Over the past month or so we've been getting intermittent failures.  They all receive the same EXACT msg number 429 (full message below).  It appears to be related to TSM but no one from our TSM area seems to know what the issue is.  What we've noticed is the failures ALWAYS occur on the quarter of the hour.  So as an example, errors occur at top of hour, 15 mins past, 30 mins past or 45 mins past.  Someone from Centera noticed a drive was kicking out errors.  They took that drive offline and we were good the rest of that day (Friday) and all of Saturday.  Saw one failure Sunday but then received 6 yesterday (Monday 8/13).  Failures occur on both OS390 and ACIF reports.  Its not related to size of the data because in some cases, failures are on 1 page reports.  I've also included below a sample if the actual 88 message.  Appreciate any info anyone may have regarding this.

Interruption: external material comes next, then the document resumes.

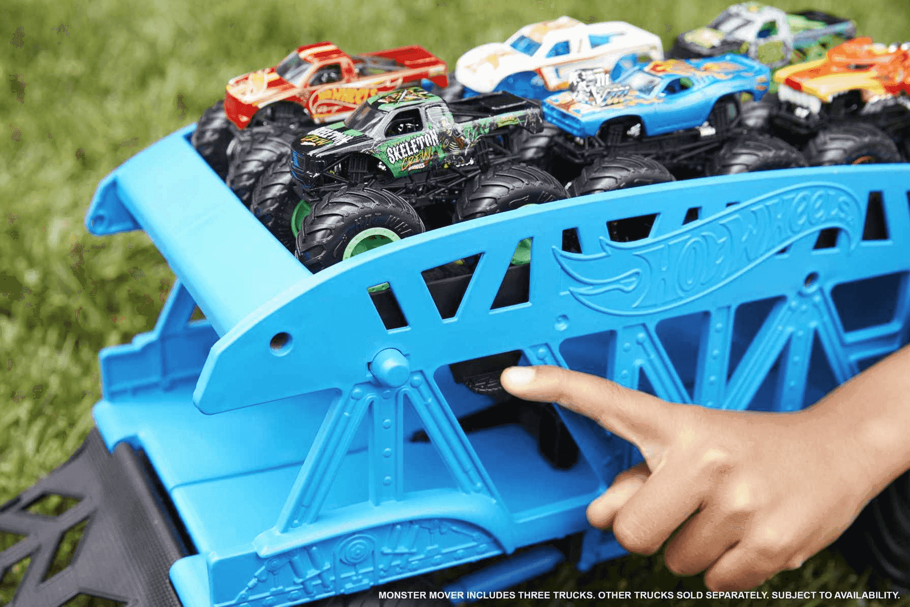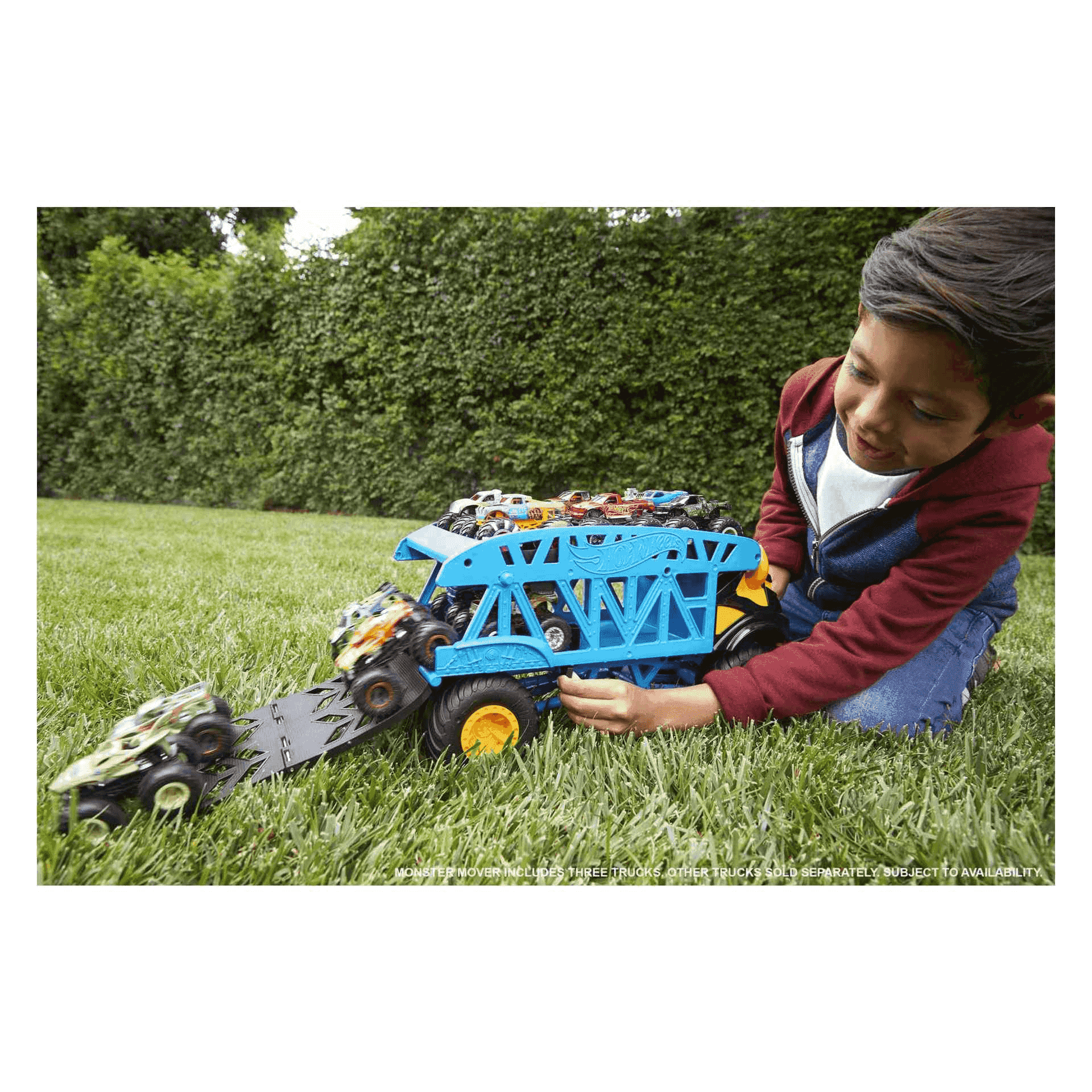 Paquete de Monster Trucks de Hot Wheels con Monster Mover con diseño de Steer Clear y tres camiones, un gran regalo para niños a partir de 3 años

2018-08-13 20:31:10.884452   ADMIN         21593   Error   No      429   TSM Error: ANS0266I (RC2302) The dsmEndTxn vote is ABORT, so check the reason field., Return Code=2302, Reason=15, File=arssmsms.cpp, Line=2695  Srvr->xsa00e70.example.com 999.999.49.139 non-SSL<-   

88msg info

2018-08-13 15:15:18.181784: ARS1144I OnDemand Load Id = >12118-14-0-342766FAA-20180813000000-20180813000000-14419<
2018-08-13 15:15:19.743461: ARS1146I Loaded 1 rows into the database
2018-08-13 15:15:25.974051: ARS1107E An error occurred.  Contact your system administrator and/or consult the System Log.  File=SYS17006.T095915.RA000.ARNLOAD.SRCCMS.H01(ARNLOAD), Line=6314
2018-08-13 15:15:25.975433: ARS1157E Unable to store the object >342766FAA1<.  Object size 151
2018-08-13 15:15:25.975447: ARS4311E Loading failed
2018-08-13 15:15:25.975455: ARS4320I Unloading started
2018-08-13 15:15:26.963835: ARS4321I Unloading of data was successful


« Last Edit: August 14, 2018, 03:48:40 AM by Justin Derrick »

Justin Derrick

  • IBM Content Manager OnDemand Consultant
  • Administrator
  • Hero Member
  • *****
  • Posts: 2229
  • CMOD Guru for hire...
    • View Profile
    • Tenacious Consulting
Re: Unable to store object Failure
« Reply #1 on: August 14, 2018, 03:39:51 AM »
I've tweaked your post to anonymize server names and IP addresses.  :)

First and foremost, refer to the IBM CMOD troubleshooting guide on the wiki:  https://cmod.wiki/index.php?title=Troubleshooting_Content_Manager_OnDemand

Obviously, you know the issue is TSM related, so skip to that section for information about searching the TSM Activity Log.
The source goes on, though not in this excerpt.